TASK TO COMPLETE:
Lines from the one holding "Located in the" through the end of the entries, inclusive, form the whole output; reproduce them exactly and omit pictures.

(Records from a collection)

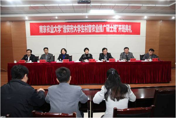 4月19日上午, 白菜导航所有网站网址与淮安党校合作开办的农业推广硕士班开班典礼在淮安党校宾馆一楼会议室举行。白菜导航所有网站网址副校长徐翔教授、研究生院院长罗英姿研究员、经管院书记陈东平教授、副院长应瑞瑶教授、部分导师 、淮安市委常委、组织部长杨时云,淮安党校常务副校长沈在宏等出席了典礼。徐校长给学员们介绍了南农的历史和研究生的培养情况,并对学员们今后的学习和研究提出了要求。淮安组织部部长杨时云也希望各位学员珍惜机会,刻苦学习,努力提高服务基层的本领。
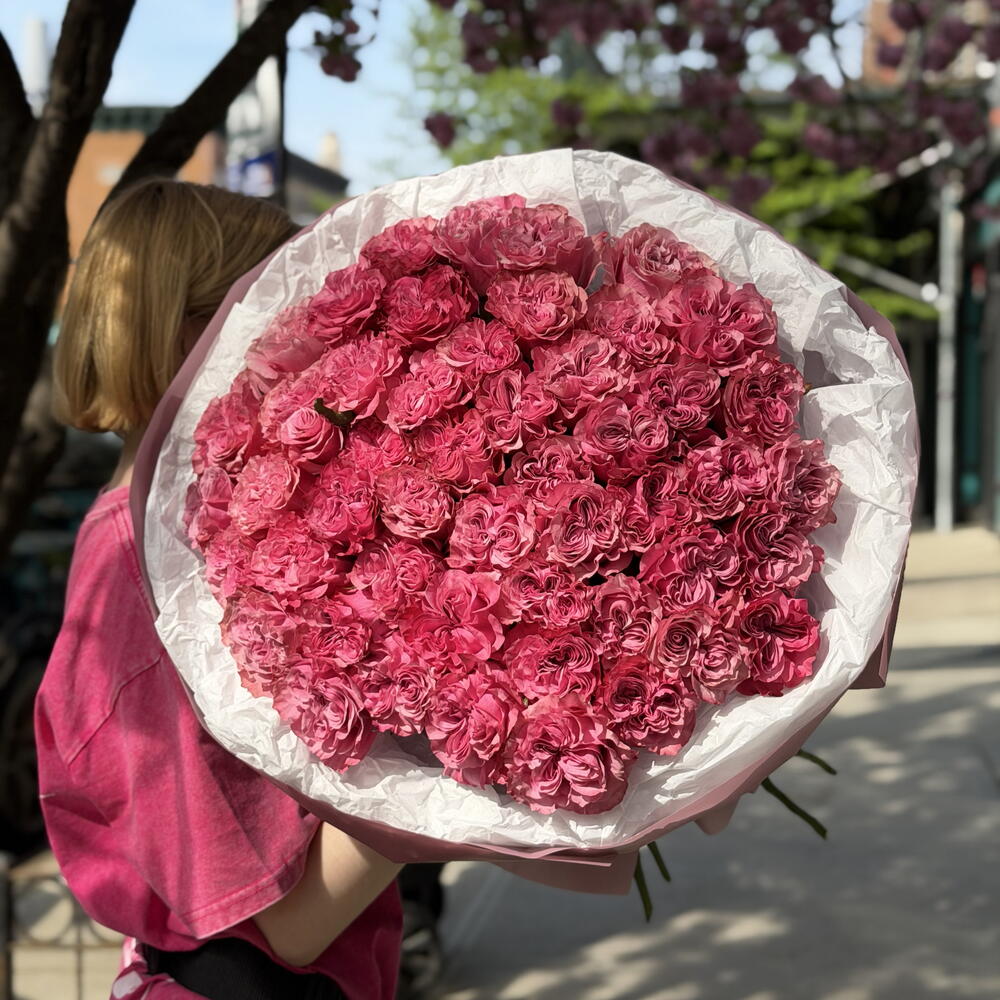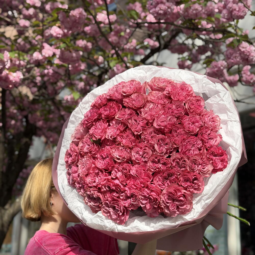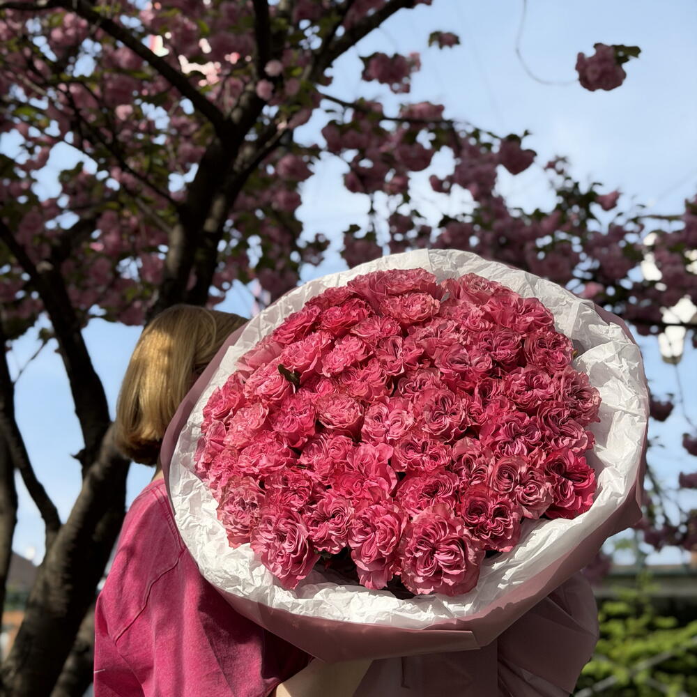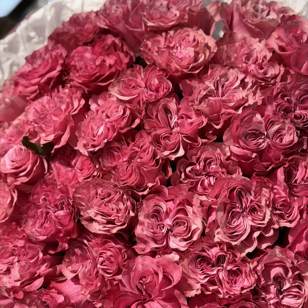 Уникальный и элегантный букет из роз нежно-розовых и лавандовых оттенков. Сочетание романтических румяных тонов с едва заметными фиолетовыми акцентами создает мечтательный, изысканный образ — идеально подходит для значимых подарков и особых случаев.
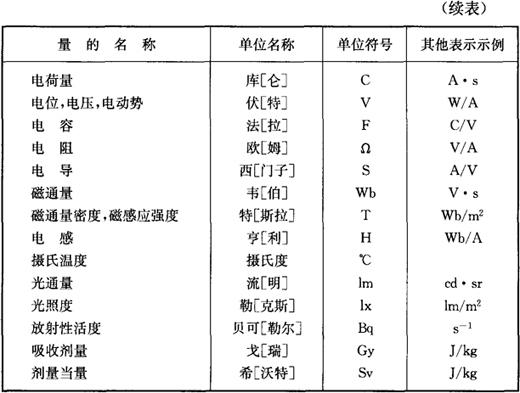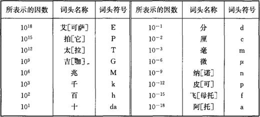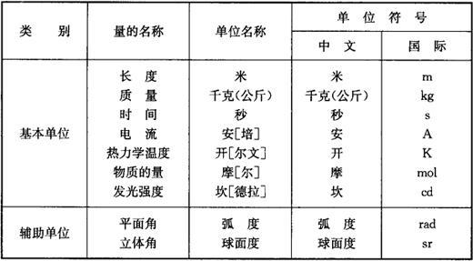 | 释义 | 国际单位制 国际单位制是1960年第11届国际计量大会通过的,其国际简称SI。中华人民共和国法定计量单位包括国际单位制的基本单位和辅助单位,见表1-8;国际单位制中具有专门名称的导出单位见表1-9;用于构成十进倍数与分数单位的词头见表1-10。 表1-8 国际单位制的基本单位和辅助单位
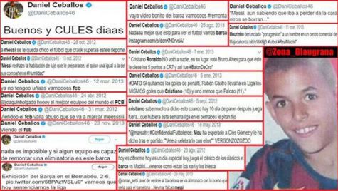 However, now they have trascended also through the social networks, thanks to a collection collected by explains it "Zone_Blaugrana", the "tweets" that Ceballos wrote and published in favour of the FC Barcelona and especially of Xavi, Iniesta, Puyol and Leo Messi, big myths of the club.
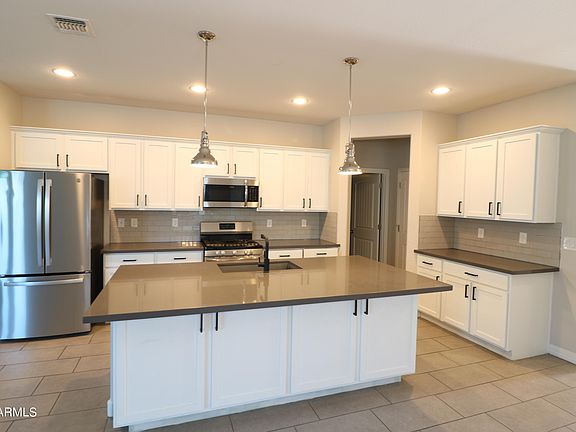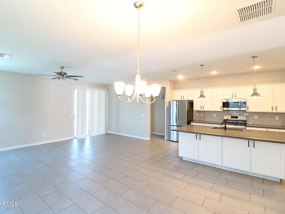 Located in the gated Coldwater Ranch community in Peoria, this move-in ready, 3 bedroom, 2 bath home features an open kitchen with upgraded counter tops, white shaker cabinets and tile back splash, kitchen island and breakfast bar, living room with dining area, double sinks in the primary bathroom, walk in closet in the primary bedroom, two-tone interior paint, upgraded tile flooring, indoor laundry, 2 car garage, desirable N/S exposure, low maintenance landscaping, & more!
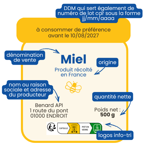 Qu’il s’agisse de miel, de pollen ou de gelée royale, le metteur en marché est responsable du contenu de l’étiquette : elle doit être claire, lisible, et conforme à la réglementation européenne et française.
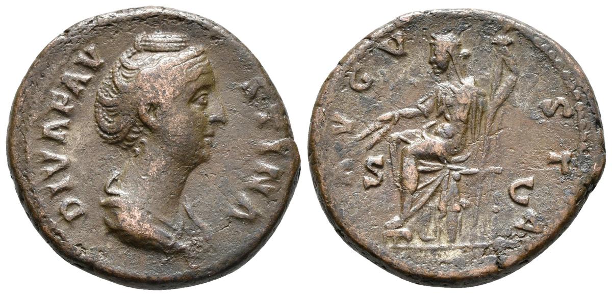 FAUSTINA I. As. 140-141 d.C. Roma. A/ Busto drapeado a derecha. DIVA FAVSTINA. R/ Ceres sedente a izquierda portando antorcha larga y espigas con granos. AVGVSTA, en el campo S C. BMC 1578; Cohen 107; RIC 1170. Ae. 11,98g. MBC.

EXPECTED ANSWER:
 Located in the gated Coldwater Ranch community in Peoria, this move-in ready, 3 bedroom, 2 bath home features an open kitchen with upgraded counter tops, white shaker cabinets and tile back splash, kitchen island and breakfast bar, living room with dining area, double sinks in the primary bathroom, walk in closet in the primary bedroom, two-tone interior paint, upgraded tile flooring, indoor laundry, 2 car garage, desirable N/S exposure, low maintenance landscaping, & more!
 Qu’il s’agisse de miel, de pollen ou de gelée royale, le metteur en marché est responsable du contenu de l’étiquette : elle doit être claire, lisible, et conforme à la réglementation européenne et française.
 FAUSTINA I. As. 140-141 d.C. Roma. A/ Busto drapeado a derecha. DIVA FAVSTINA. R/ Ceres sedente a izquierda portando antorcha larga y espigas con granos. AVGVSTA, en el campo S C. BMC 1578; Cohen 107; RIC 1170. Ae. 11,98g. MBC.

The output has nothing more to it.